Prostate cancer can be detected at an early, potentially curable stage by screening based on digital rectal examination and serum prostate specific antigen (PSA). The value of screening appears doubtful, based on high 10-year survival rates in selected cases of early prostate cancer, but this follow-up time may be insufficient.
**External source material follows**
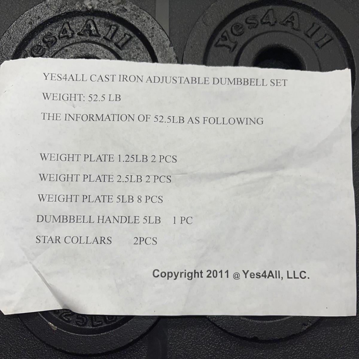 1920 Cast Iron Dumbbell Total Weight 52.5lbs Brand “Yes4All” New In-Box

By linking the information on 21172 men who took part in a screening examination in Finland, 1968-73, with data from the Finnish Cancer Registry, 44 cases of prostate cancer diagnosed up to 1980 were identified. Serum samples from cancer cases and from 74 controls matched for age and time of sampling were assayed for PSA and its complex with alpha 1-antichymotrypsin (PSA-ACT). With a cut-off for PSA of 2.5 micrograms/L giving 92% specificity, 95% of the cancers developing within the first 5 years, and 52% developing in 6-10 years tested positive. As a potential screening test with a 5-year interval for men under 65, the sensitivity would be 92% and specificity 97%. The ratio of PSA-ACT to total PSA was lower in controls than in patients with cancer. Using this ratio, we could eliminate half of the false-positive results in the range 2.5-25 micrograms/L without loss of sensitivity. Cancer was typically diagnosed 5-10 years after PSA exceeded 2.5 micrograms/L, and the median survival after diagnosis was 3.6 years. 10-year survival after drawing the sample was 71% in cancer cases with a PSA concentration less than 4 micrograms/L and 48% in those with higher concentrations. The corresponding figures at 15 years were 53% and 27%, and at 20 years 43% and 18%, respectively. These results suggest it is advisable to confine screening for prostate cancer to men with a life expectancy of clearly more than 10 years--ie, younger men, who have the greatest chance to benefit from early detection.